### GIVEN ENTRIES

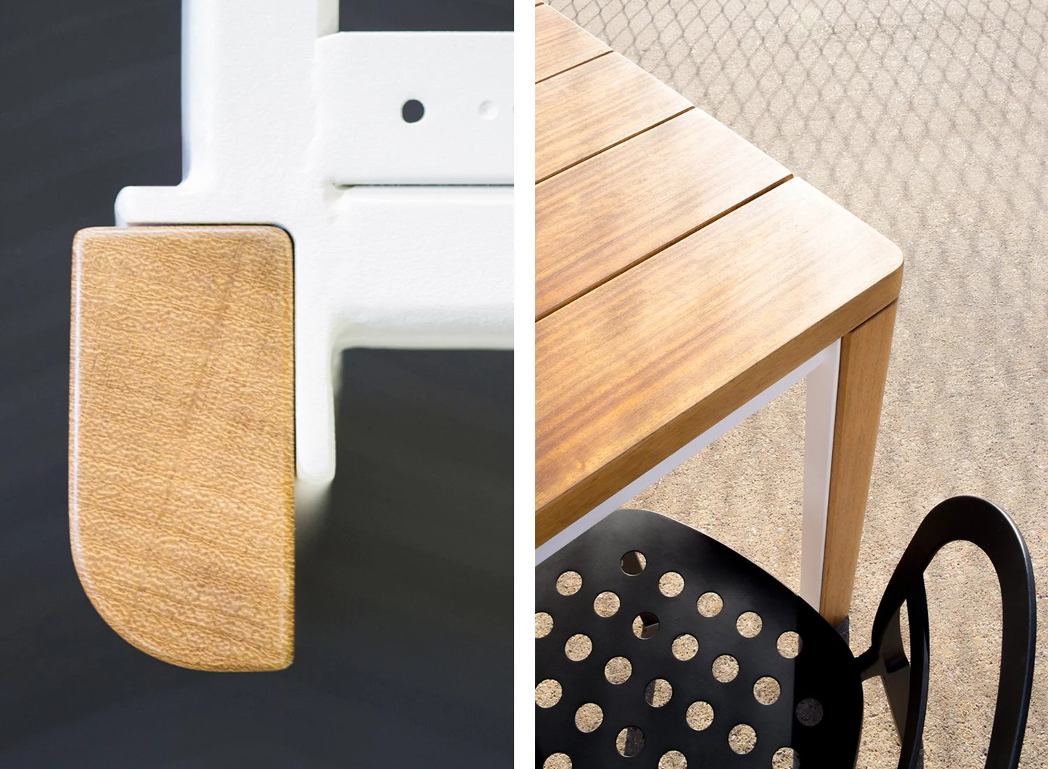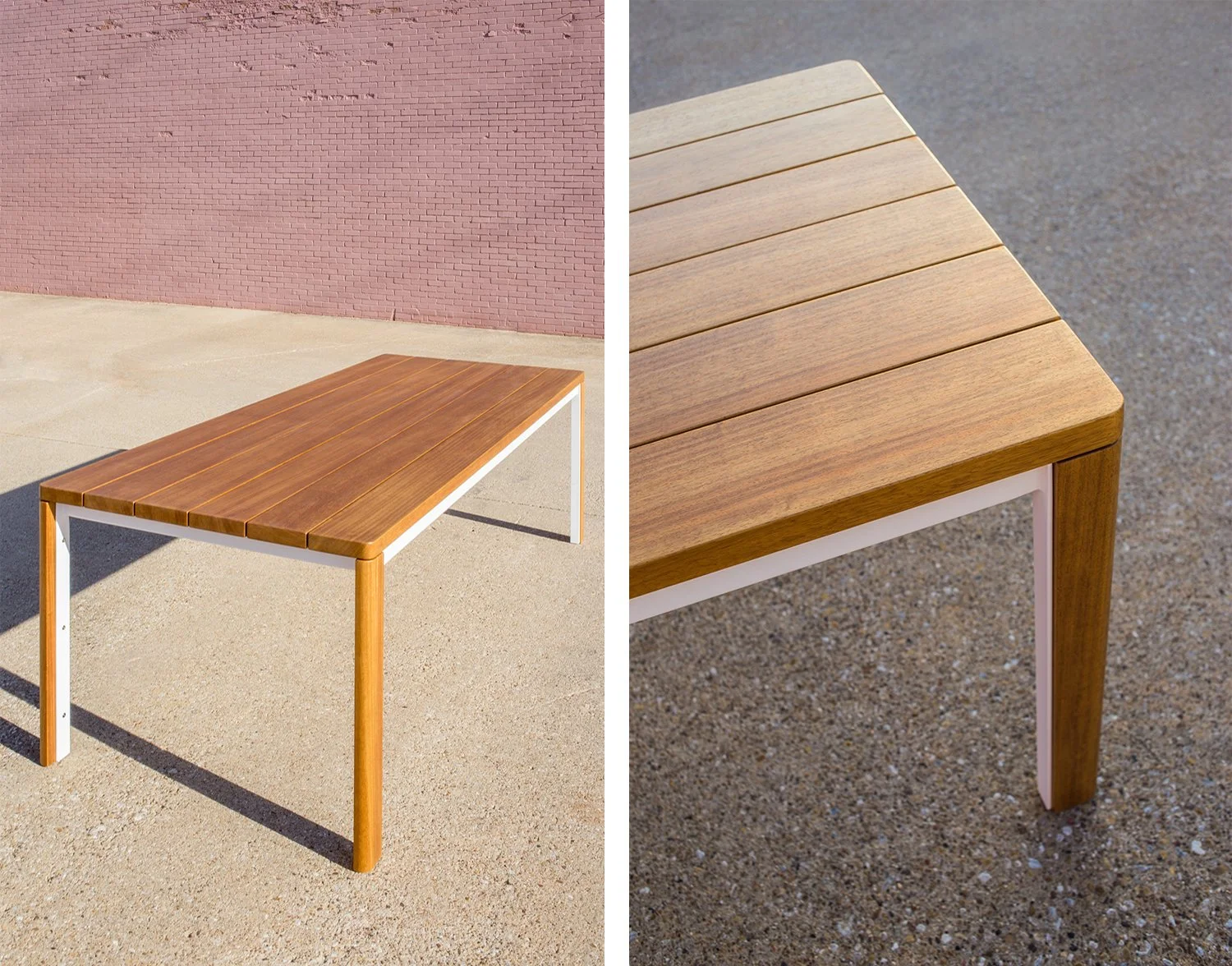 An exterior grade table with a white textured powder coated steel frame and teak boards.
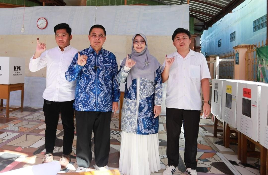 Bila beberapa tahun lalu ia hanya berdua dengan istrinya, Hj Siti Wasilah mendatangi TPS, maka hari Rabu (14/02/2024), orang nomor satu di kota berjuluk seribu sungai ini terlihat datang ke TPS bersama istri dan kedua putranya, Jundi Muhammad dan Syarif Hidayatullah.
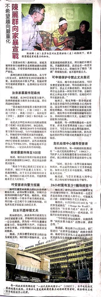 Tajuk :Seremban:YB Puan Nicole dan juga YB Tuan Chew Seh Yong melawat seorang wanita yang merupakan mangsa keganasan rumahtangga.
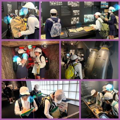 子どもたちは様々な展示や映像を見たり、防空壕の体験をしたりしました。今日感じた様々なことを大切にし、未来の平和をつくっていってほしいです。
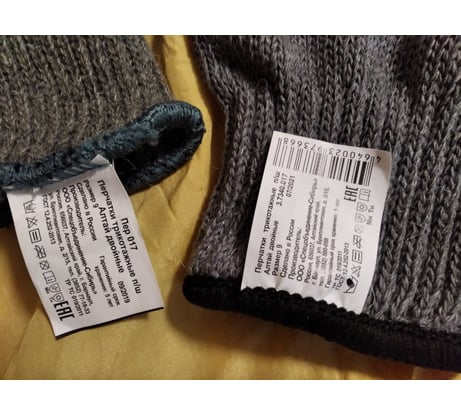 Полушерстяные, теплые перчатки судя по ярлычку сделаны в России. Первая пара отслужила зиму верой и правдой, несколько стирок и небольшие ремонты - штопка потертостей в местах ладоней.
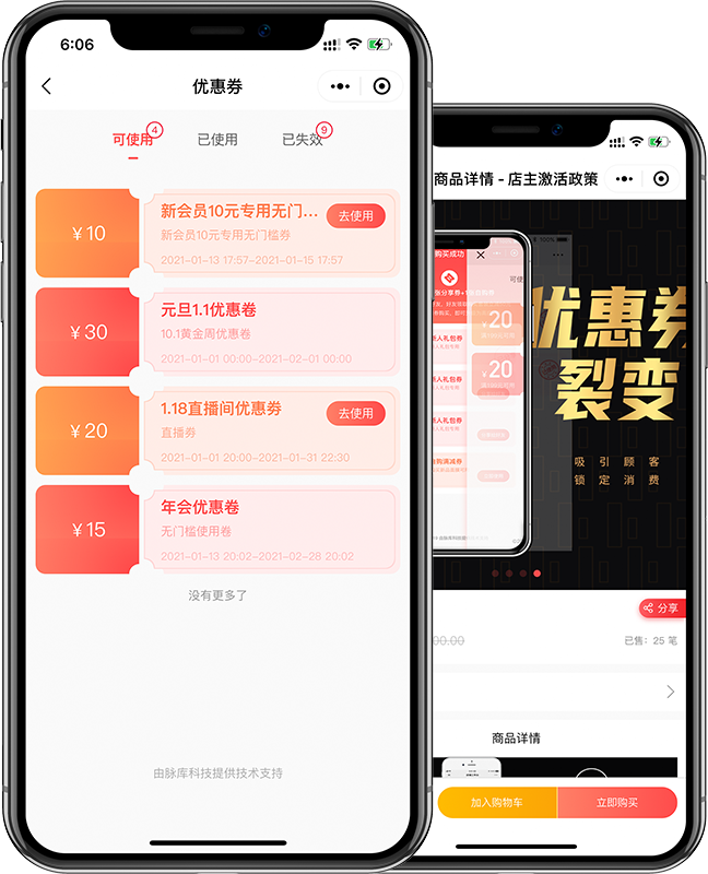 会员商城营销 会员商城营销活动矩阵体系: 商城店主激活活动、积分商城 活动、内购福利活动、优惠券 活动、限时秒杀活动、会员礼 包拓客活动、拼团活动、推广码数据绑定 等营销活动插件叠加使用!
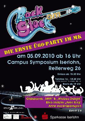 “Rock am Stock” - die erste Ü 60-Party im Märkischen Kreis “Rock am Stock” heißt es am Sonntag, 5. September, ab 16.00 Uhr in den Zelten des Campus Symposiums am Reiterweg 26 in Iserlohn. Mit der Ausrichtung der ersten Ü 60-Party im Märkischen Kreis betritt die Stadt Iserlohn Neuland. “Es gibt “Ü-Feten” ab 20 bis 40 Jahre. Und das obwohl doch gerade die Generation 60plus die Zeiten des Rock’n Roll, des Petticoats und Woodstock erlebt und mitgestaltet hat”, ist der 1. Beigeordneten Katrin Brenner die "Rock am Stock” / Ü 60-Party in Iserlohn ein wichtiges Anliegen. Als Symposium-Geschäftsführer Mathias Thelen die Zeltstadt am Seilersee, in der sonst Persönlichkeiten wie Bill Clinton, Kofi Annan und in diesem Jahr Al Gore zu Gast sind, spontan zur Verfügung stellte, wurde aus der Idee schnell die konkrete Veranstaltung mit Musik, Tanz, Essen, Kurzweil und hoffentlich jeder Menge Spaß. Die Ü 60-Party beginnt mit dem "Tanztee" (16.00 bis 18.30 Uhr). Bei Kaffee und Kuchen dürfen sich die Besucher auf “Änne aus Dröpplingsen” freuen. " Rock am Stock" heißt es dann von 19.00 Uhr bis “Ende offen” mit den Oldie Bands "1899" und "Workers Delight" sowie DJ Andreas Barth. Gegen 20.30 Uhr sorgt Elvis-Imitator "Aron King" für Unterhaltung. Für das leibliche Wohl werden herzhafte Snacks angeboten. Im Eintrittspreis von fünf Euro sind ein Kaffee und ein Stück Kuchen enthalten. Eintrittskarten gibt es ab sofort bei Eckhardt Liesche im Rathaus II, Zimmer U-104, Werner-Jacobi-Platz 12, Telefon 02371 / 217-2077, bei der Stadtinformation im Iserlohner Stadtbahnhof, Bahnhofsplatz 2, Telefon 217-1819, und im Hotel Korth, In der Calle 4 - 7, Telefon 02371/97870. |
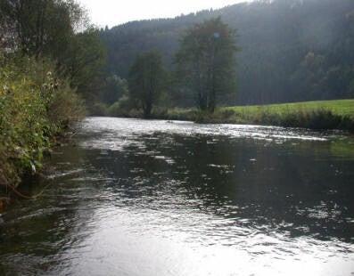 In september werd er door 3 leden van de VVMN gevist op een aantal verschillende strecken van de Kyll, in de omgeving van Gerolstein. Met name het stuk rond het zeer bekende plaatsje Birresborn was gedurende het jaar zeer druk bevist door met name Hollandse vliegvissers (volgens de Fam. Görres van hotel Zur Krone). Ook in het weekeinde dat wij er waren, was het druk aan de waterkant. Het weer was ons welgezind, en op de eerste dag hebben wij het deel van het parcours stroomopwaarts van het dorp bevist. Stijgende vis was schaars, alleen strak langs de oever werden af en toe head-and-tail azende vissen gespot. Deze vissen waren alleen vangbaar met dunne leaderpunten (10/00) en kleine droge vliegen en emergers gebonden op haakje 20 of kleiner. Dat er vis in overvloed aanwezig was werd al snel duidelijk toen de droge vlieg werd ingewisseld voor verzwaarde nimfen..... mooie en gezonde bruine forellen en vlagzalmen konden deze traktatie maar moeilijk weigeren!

### PROBLEM DETAILS
Print the material in full and exactly, minus the pictures.

### COMPLETED EXERCISE
 An exterior grade table with a white textured powder coated steel frame and teak boards.
 Bila beberapa tahun lalu ia hanya berdua dengan istrinya, Hj Siti Wasilah mendatangi TPS, maka hari Rabu (14/02/2024), orang nomor satu di kota berjuluk seribu sungai ini terlihat datang ke TPS bersama istri dan kedua putranya, Jundi Muhammad dan Syarif Hidayatullah.
 Tajuk :Seremban:YB Puan Nicole dan juga YB Tuan Chew Seh Yong melawat seorang wanita yang merupakan mangsa keganasan rumahtangga.
 子どもたちは様々な展示や映像を見たり、防空壕の体験をしたりしました。今日感じた様々なことを大切にし、未来の平和をつくっていってほしいです。
 Полушерстяные, теплые перчатки судя по ярлычку сделаны в России. Первая пара отслужила зиму верой и правдой, несколько стирок и небольшие ремонты - штопка потертостей в местах ладоней.
 会员商城营销 会员商城营销活动矩阵体系: 商城店主激活活动、积分商城 活动、内购福利活动、优惠券 活动、限时秒杀活动、会员礼 包拓客活动、拼团活动、推广码数据绑定 等营销活动插件叠加使用!
 “Rock am Stock” - die erste Ü 60-Party im Märkischen Kreis “Rock am Stock” heißt es am Sonntag, 5. September, ab 16.00 Uhr in den Zelten des Campus Symposiums am Reiterweg 26 in Iserlohn. Mit der Ausrichtung der ersten Ü 60-Party im Märkischen Kreis betritt die Stadt Iserlohn Neuland. “Es gibt “Ü-Feten” ab 20 bis 40 Jahre. Und das obwohl doch gerade die Generation 60plus die Zeiten des Rock’n Roll, des Petticoats und Woodstock erlebt und mitgestaltet hat”, ist der 1. Beigeordneten Katrin Brenner die "Rock am Stock” / Ü 60-Party in Iserlohn ein wichtiges Anliegen. Als Symposium-Geschäftsführer Mathias Thelen die Zeltstadt am Seilersee, in der sonst Persönlichkeiten wie Bill Clinton, Kofi Annan und in diesem Jahr Al Gore zu Gast sind, spontan zur Verfügung stellte, wurde aus der Idee schnell die konkrete Veranstaltung mit Musik, Tanz, Essen, Kurzweil und hoffentlich jeder Menge Spaß. Die Ü 60-Party beginnt mit dem "Tanztee" (16.00 bis 18.30 Uhr). Bei Kaffee und Kuchen dürfen sich die Besucher auf “Änne aus Dröpplingsen” freuen. " Rock am Stock" heißt es dann von 19.00 Uhr bis “Ende offen” mit den Oldie Bands "1899" und "Workers Delight" sowie DJ Andreas Barth. Gegen 20.30 Uhr sorgt Elvis-Imitator "Aron King" für Unterhaltung. Für das leibliche Wohl werden herzhafte Snacks angeboten. Im Eintrittspreis von fünf Euro sind ein Kaffee und ein Stück Kuchen enthalten. Eintrittskarten gibt es ab sofort bei Eckhardt Liesche im Rathaus II, Zimmer U-104, Werner-Jacobi-Platz 12, Telefon 02371 / 217-2077, bei der Stadtinformation im Iserlohner Stadtbahnhof, Bahnhofsplatz 2, Telefon 217-1819, und im Hotel Korth, In der Calle 4 - 7, Telefon 02371/97870. |
 In september werd er door 3 leden van de VVMN gevist op een aantal verschillende strecken van de Kyll, in de omgeving van Gerolstein. Met name het stuk rond het zeer bekende plaatsje Birresborn was gedurende het jaar zeer druk bevist door met name Hollandse vliegvissers (volgens de Fam. Görres van hotel Zur Krone). Ook in het weekeinde dat wij er waren, was het druk aan de waterkant. Het weer was ons welgezind, en op de eerste dag hebben wij het deel van het parcours stroomopwaarts van het dorp bevist. Stijgende vis was schaars, alleen strak langs de oever werden af en toe head-and-tail azende vissen gespot. Deze vissen waren alleen vangbaar met dunne leaderpunten (10/00) en kleine droge vliegen en emergers gebonden op haakje 20 of kleiner. Dat er vis in overvloed aanwezig was werd al snel duidelijk toen de droge vlieg werd ingewisseld voor verzwaarde nimfen..... mooie en gezonde bruine forellen en vlagzalmen konden deze traktatie maar moeilijk weigeren!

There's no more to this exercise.